Blake Stone: Planet Strike – This video game is the sequel to Blake Stone: Aliens of Gold in which the futuristic secret agent, Blake Stone, breaks into an abandoned training facility located on planet Selon.

The intention is to stop the elusive mad scientist, Dr. Goldfire, from creating an army of dangerous mutants to triumph over humanity.

Blake Stone: Aliens of Gold – Set in the 22nd century, this game has it all. There are soldiers, aliens, robots, and mutants.

There is also a rogue scientist who wants to enslave humanity by using them. A British secret agent, Blake Stone, needs to break through the well-guarded facility and incapacitate his campaign.

Corridor 7: Alien Invasion – This is also a First Person Shooter game that uses the Wolfenstein 3D engine as well. The location of the game is a top-secret American underground facility which is infested by the aliens.

Operation Body Count – The player in this game becomes a member of the UN Elite Force. They have to infiltrate a government building under seize by the terrorists. The main objective is to take out the various threats inside.

The Terminator: Rampage – The gamer plays this game as a solitary soldier who is sent to the past in order to prevent the takeover of an extensive military complex by Skynet.

Spear of Destiny – This is a prequel to Wolfenstein 3D and is also a standalone and official expansion of the game.

In this video game the players have to repeat the role of allied spy William “B.J.” Blazkowicz. They have to creep into a Nazi installation that is heavily guarded and get back the mythical Spear of Destiny.

Catacomb 3-D – This is also a First Person Shooter game which is the predecessor of Wolfenstein 3D.

The Catacomb Abyss – This is the sequel to Catacomb 3-D and is the first part of the trilogy.

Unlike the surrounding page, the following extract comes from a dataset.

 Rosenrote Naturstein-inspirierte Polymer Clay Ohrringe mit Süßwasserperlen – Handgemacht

VRG – This is also a First Person Shooter game inspired by several different games such as Wolfenstein II: The New Colossus, TitanFall 2, and Wolfenstein 3D.

This game comes with all available and modern operating technicalities such as Sprint, Lean, and Wall Run, Dual Wield, Sliding and more.

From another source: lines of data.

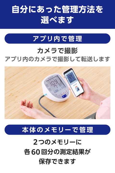 大きな文字パネルで、測定結果がはっきり見える。測定も記録もシンプルな操作で、毎日使える上腕式血圧計です。画面をアプリから撮影して手動でアプリに登録できます。
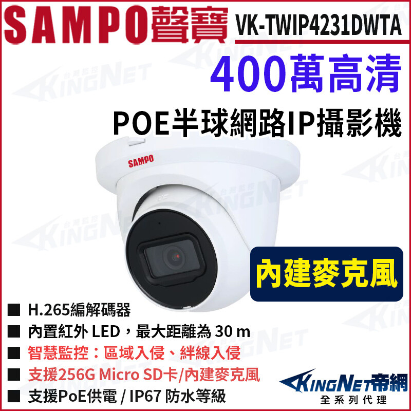 SAMPO 聲寶 VK-TWIP4231DWTA 400萬 星光紅外線 POE 半球型網路攝影機
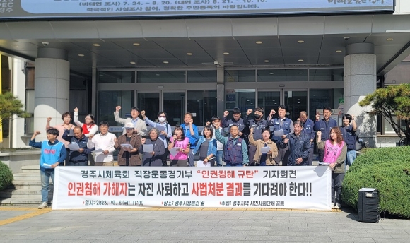 [오마이경주/경주시민신문기자] 경주 시민사회단체가 6일 기자회견에서 직장 내 괴롭힘 의혹이 제기된 경주시체육회장에 대해 자진 사퇴를 촉구했다.

Players in this game can carry half a dozen weapons and switch between them by using the weapon wheel in slow motion or the weapon key.

DUGA – This is both a game and a ray casting engine very much like the old Wolfenstein 3D. Built in the Pygame framework, this game comes with an outstanding frame rate and resolution, advanced AI systems, and quite a lot of weapons.

immuNAZItion – This game is an old school First Person Shooter game that uses ray casting to convert 2D maps to 3D.

There are also a few other good games that you may also play and enjoy a great deal such as:

• Ray Castle
• No Return
• Candy War
• Maze
• Lode Runner: The Truth
• The Silver Forest
• T.G.H.N.N. – The Game Has No Name
• Amity’s Samhain
• Duncan’s Schoolhouse
• Burning Glyphs
• Touhou: Splatter Faith 3D
• Knuckles Cakewalk 3D
• Kalvgv’s Descent into the Pith
• Catacombs of the Necromancer and
• Tainted Transmission.

A few of the games mentioned are ages old but still are good to explore and stay entertained.

## Conclusion

Ray casting is a very important technique used in games to present the objects in a better way to offer a much better gaming experience.

Though the images are more block-like and less realistic, it is quite a useful technique as you can see from this article.